Roach-Proof Toothbrush Holder

Sunday, May 16, 2004

nyc

Tonight I saw a tiny little roach on my bathroom floor. I grew up in Alabama, where the 2-inch tree roaches make regular forays into your house and throw parties. So I wasn’t grossed out. I was a little annoyed, but mostly I was reminded of this factoid I once heard about cockroaches, that being that they like to munch on toothbrush bristles. This may just be some sort of old wives’ tale, but nonetheless I found myself looking at the ceramic toothbrush holder, wondering if the little guy on the floor, or one of his buddies, could scale the wall, climb on to the toothbrush holder, and from there ascend to the apex of my toothbrush and start munching. Pretty quickly I decided it would be a piece of cake for a roach to do that, if he or she so desired.

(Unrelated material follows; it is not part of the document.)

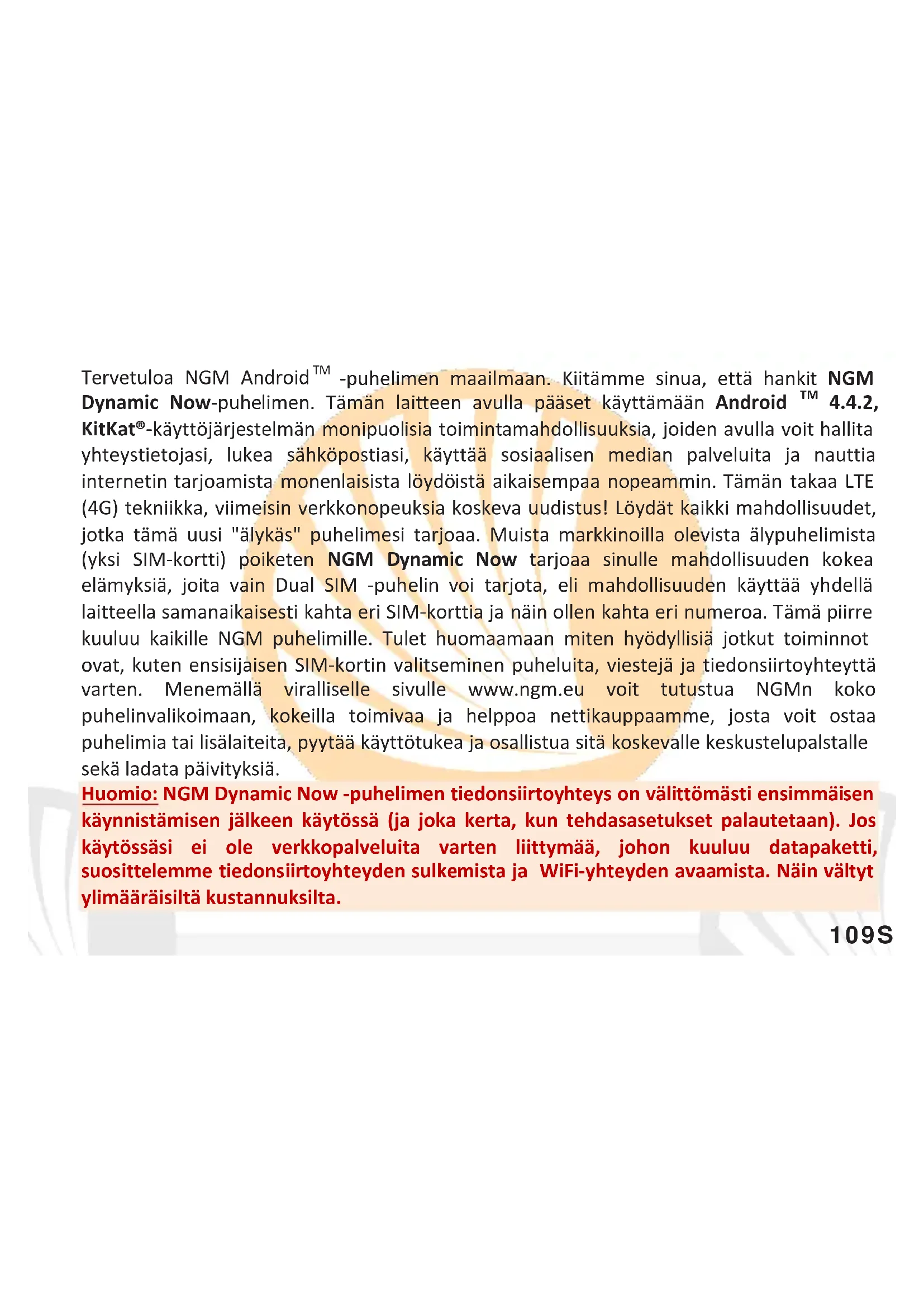 KitKat®-käyttöjärjestelmän monipuolisia toimintamahdollisuuksia, joiden avulla voit hallita yhteystietojasi, lukea sähköpostiasi, käyttää sosiaalisen median palveluita ja nauttia internetin tarjoamista monenlaisista löydöistä aikaisempaa nopeammin. Tämän takaa LTE (4G) tekniikka, viimeisin verkkonopeuksia koskeva uudistus! Löydät kaikki mahdollisuudet, jotka tämä uusi "älykäs" puhelimesi tarjoaa. Muista markkinoilla olevista älypuhelimista (yksi SIM-kortti) poiketen NGM Dynamic Now tarjoaa sinulle mahdollisuuden kokea elämyksiä, joita vain Dual SIM -puhelin voi tarjota, eli mahdollisuuden käyttää yhdellä laitteella samanaikaisesti kahta eri SIM-korttia ja näin ollen kahta eri numeroa. Tämä piirre kuuluu kaikille NGM puhelimille. Tulet huomaamaan miten hyödyllisiä jotkut toiminnot ovat, kuten ensisijaisen SIM-kortin valitseminen puheluita, viestejä ja tiedonsiirtoyhteyttä varten. Menemällä viralliselle sivulle www.ngm.eu voit tutustua NGMn koko puhelinvalikoimaan, kokeilla toimivaa ja helppoa nettikauppaamme, josta voit ostaa puhelimia tai lisälaiteita, pyytää käyttötukea ja osallistua sitä koskevalle keskustelupalstalle sekä ladata päivityksiä. Huomio: NGM Dynamic Now -puhelimen tiedonsiirtoyhteys on välittömästi ensimmäisen käynnistämisen jälkeen käytössä (ja joka kerta, kun tehdasasetukset palautetaan). Jos käytössäsi ei ole verkkopalveluita varten liittymää, johon kuuluu datapaketti, suosittelemme tiedonsiirtoyhteyden sulkemista ja WiFi-yhteyden avaamista. Näin vältyt ylimääräisiltä kustannuksilta.110 SUOMI Käytön aloitus

Then my mind set to devising some form of roach-proof toothbrush holder. At first I came up with a glass of water with a socket in the bottom, into which the end of the toothbrush could be inserted. The water would form a sort of moat around the toothbrush, fending off any roach-esque comers. But I thought that might not be completely roach-proof, as an ambitious or persistent roach might be able swim or paddle across the moat and then make his way on to the shaft of the toothbrush and upward to munch. I kept thinking.

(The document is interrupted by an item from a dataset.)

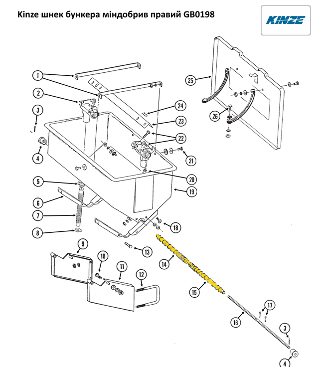 Шнек бункера міндобрив правий GB0198 (поз14)

It occurred to me that the most elegant solution would be to suspend the toothbrush in the air somehow; if there are no solid materials touching the toothbrush, then there’s nothing for a roach to climb across to reach the toothbrush. But how would you suspend the toothbrush in mid-air?

MAGNETS.

I haven’t completely figured it out yet, but right now I’ll have to sleep on it. If I make any more progress on solving this ridiculously non-problematic problem, I’ll let you know.